PROBLEM TO WORK ON: Whatever precedes the line containing "This lot includes" is not copied; that line and every line after it through the final one below are copied exactly, except pictures.

=== Begin Enclosure ===

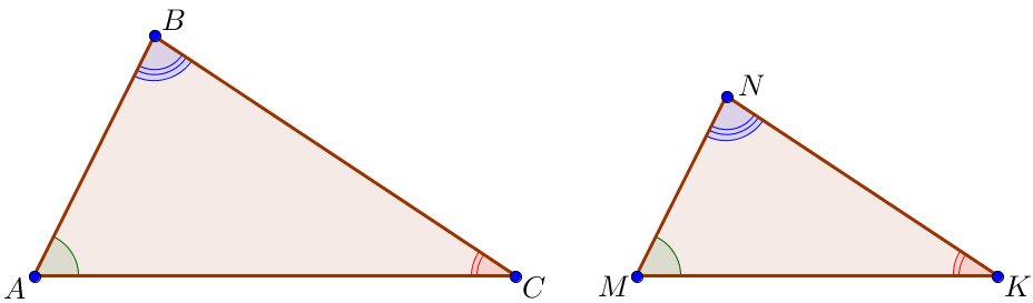 \(\displaystyle \angle A = \angle M \small, \) \(\displaystyle \angle B = \angle N \small, \) \(\displaystyle \angle C = \angle K \small, \)
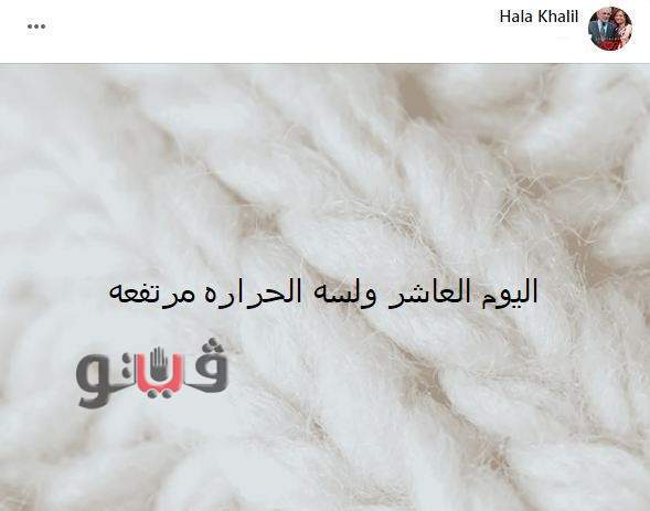 وكتبت هالة خليل تفاصيل حالتها الصحية عبر حسابها الشخصي بموقع التواصل الاجتماعي "فيس بوك"، وقالت: "اليوم العاشر ولسة الحرارة مرتفعة".
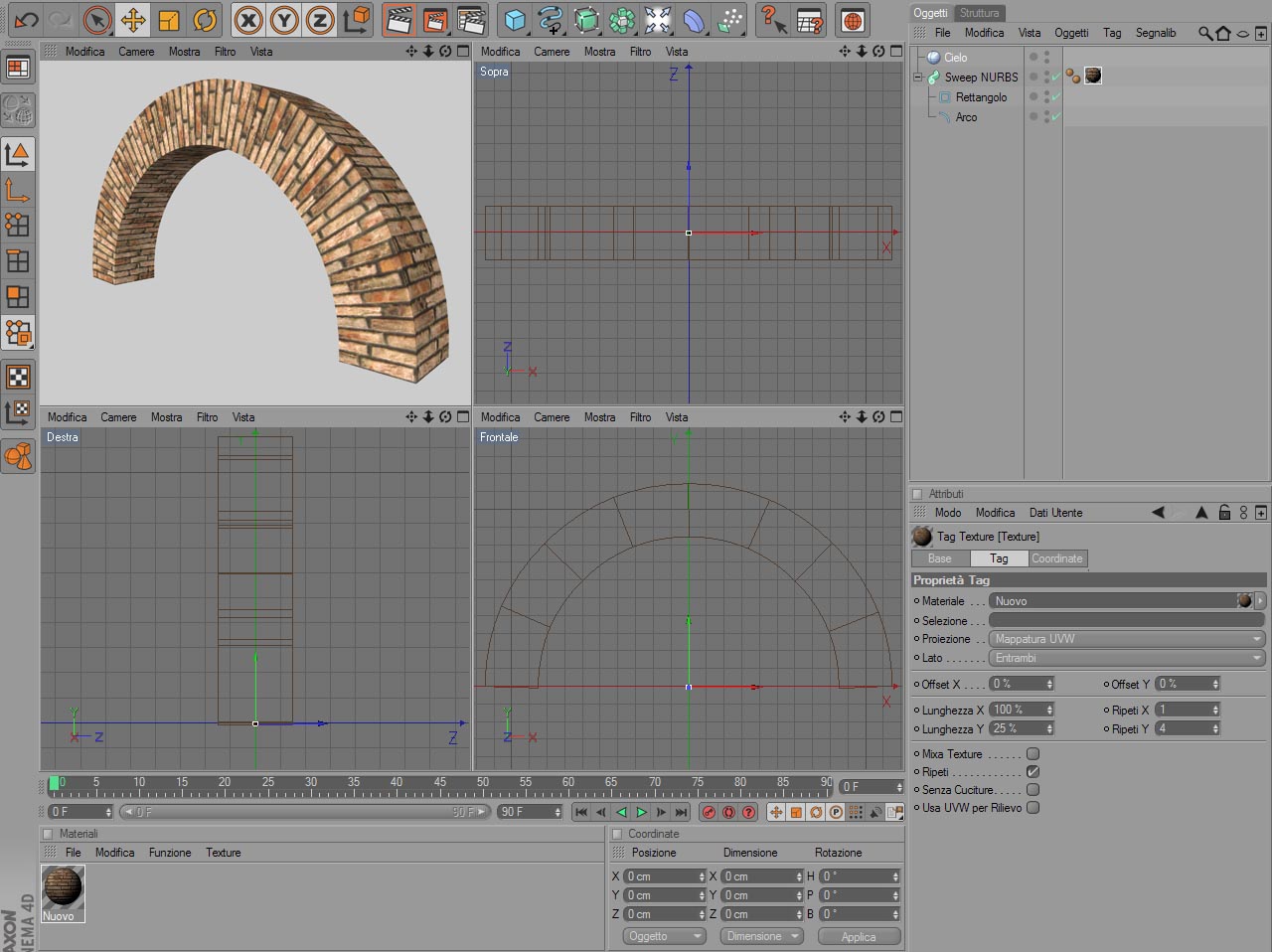 Se il problema è questo, basta che duplichi la texture che hai applicato frontalmente e la ruoti in verticale con photoshop o con il visualizzatore immagini di windows. Poi ritorni in cinema, crei un nuovo materiale, carichi la texture modificata nel canale colore, selezioni il lato esterno e quello interno dell'arco e la trascini su una parte qualsiasi selezionata e in proiezione scegli cubica. Così facendo ottiene l'oggetto texturizzato bene come vedi in allegato nell'immagine 2.
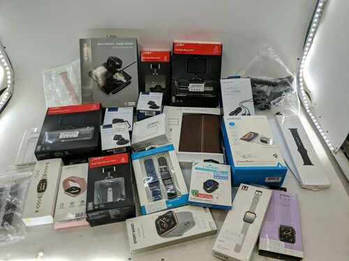 This lot includes smart watch accessories. All customer returns. May be missing accessories. Boxes have stickers, and tape and generally have wear. Product packaging may be missing. Products may be repackaged or polybagged.
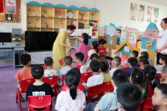 本网讯 6月18日下午,庆祝中国共产党成立100周年宣传教育活动暨向幼儿园赠书仪式在幼教特教师范幼儿园举行。学校工会党支部、招生就业处党支部、国有资产管理处党支部负责同志、幼教特教师范幼儿园负责同志以及幼儿园部分教师代表参加了活动。
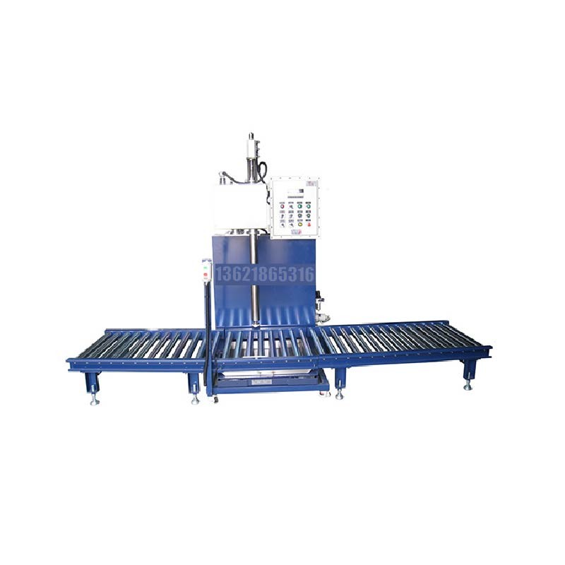 灌裝結束,灌裝秤頭自動提升至桶外,滴漏盤自動接至灌裝頭底部灌裝完成,輸送線啟動自動將成品桶輸送至鎖蓋區(qū),人工鎖蓋完成自動輸送至成品區(qū),叉車叉走成品桶整個灌裝流程結束!

=== End Enclosure ===

YOUR SOLUTION:
 This lot includes smart watch accessories. All customer returns. May be missing accessories. Boxes have stickers, and tape and generally have wear. Product packaging may be missing. Products may be repackaged or polybagged.
 本网讯 6月18日下午,庆祝中国共产党成立100周年宣传教育活动暨向幼儿园赠书仪式在幼教特教师范幼儿园举行。学校工会党支部、招生就业处党支部、国有资产管理处党支部负责同志、幼教特教师范幼儿园负责同志以及幼儿园部分教师代表参加了活动。
 灌裝結束,灌裝秤頭自動提升至桶外,滴漏盤自動接至灌裝頭底部灌裝完成,輸送線啟動自動將成品桶輸送至鎖蓋區(qū),人工鎖蓋完成自動輸送至成品區(qū),叉車叉走成品桶整個灌裝流程結束!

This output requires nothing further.